Renewals and sourcing events met fewer surprises because signals surfaced early. Category managers prioritized alternates with adequate lead time, Supplier Quality scheduled targeted audits, and Legal had a clear record of what was reviewed and why. Emergency source changes tapered, and internal discussions centered on policy thresholds and mitigations rather than on tracking down links and screenshots.

What Changed for the Team

• Before: One-time vetting and ad hoc emails; After: Continuous feeds with scored alerts inside the SRM.
• Before: Inconsistent supplier identity across systems; After: Standardized legal entity mapping with corporate family context.
• Before: Debates over whether to act; After: Policy-driven thresholds and clear review tasks with assigned owners.
• Before: Evidence buried in attachments; After: Artifacts and decisions attached to the supplier record with an audit trail.
• Before: Surprises at renewal; After: Early visibility with time to mitigate or source alternatives.
• Before: Portfolio blind spots; After: Dashboards showing risk by category, region, and mitigation status.

Key Takeaways

• Make supplier risk a continuous signal into the SRM, not a calendar reminder at renewal.
• Standardize identity and corporate families so external signals attach to the right supplier every time.
• Translate raw feeds into a simple, policy-owned score with thresholds that route work to the right reviewers.
• Keep humans in charge of holds and mitigations; capture rationale and evidence on the supplier record.
• Roll out by critical categories and run in shadow mode first to tune identity matching and scoring weights.
• Align monitoring and documentation with medical device quality requirements so audits rely on the SRM, not inboxes.

FAQ

What tools did this integrate with?
The solution fed risk signals into the existing SRM, where scores, evidence, and tasks were visible on supplier profiles.

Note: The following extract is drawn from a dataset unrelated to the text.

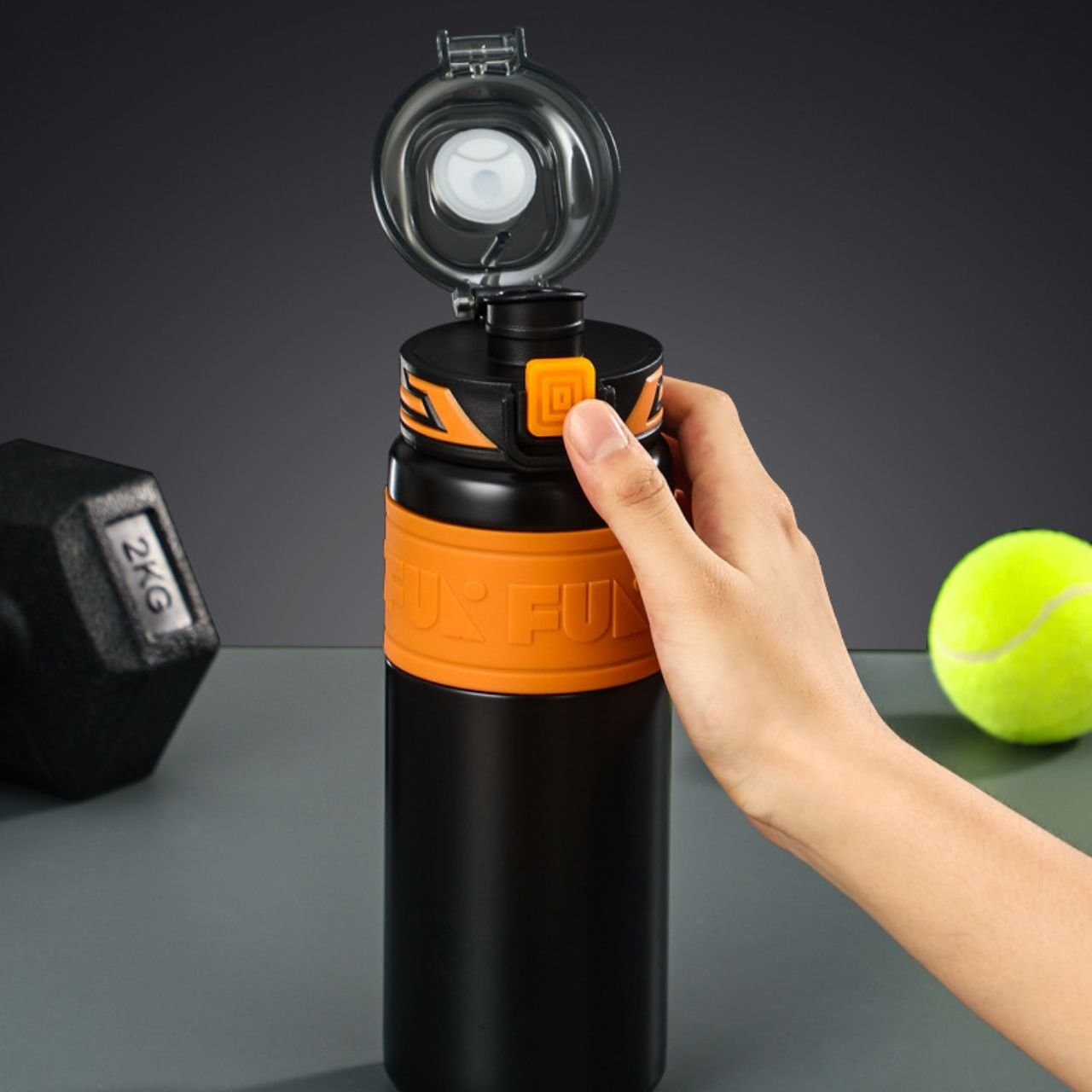The soft silicone sleeve helps you hold the bottle better and protects it from scratches and bumps. It also gives a sporty look.

External sources included financial health and corporate linkage data, sanctions and watchlists from official sources such as OFAC and the EU’s Sanctions Map, and adverse media monitoring. The pattern aligned with platforms like SAP Ariba Supplier Risk for in-platform display and workflows.

How did you handle quality control and governance?
Supplier identity was standardized with global identifiers and corporate family mappings. Scoring weights and thresholds were policy-owned and versioned. All threshold breaches generated tasks with required evidence and a documented decision. Overrides were time-bounded and visible. The audit trail captured source signals, scores, reviewers, and effective dates, supporting both internal audit and regulatory expectations under frameworks like ISO 13485.

How did you roll this out without disruption?
The monitoring ran in shadow mode first, scoring suppliers without creating tasks. Results were compared to known issues and past incidents. A pilot group of critical suppliers enabled early learning while the legacy process remained in place. Thresholds and identity-matching rules were adjusted through feature flags. Once confidence grew, alerts and tasks were enabled broadly.

How were sanctions and adverse news handled?
Sanctions lists were refreshed on a predictable cadence and screened against standardized legal entities and known aliases. Matches generated review tasks for Compliance with links to official listings and a place to record adjudication. Adverse media was filtered for credibility and relevance, deduplicated, and tied to entities or corporate parents before alerting, which reduced noise for reviewers.

How did you reduce false positives and avoid duplicate alerts?
Identity resolution combined legal names, registration details, and corporate linkages to match feeds reliably. Scoring incorporated severity and recency, and alerts required crossing policy thresholds. Dismissals carried a reason and a cooling period, so the same non-issues did not re-trigger immediately. Where signals persisted or escalated, the system re-opened the review with prior context attached.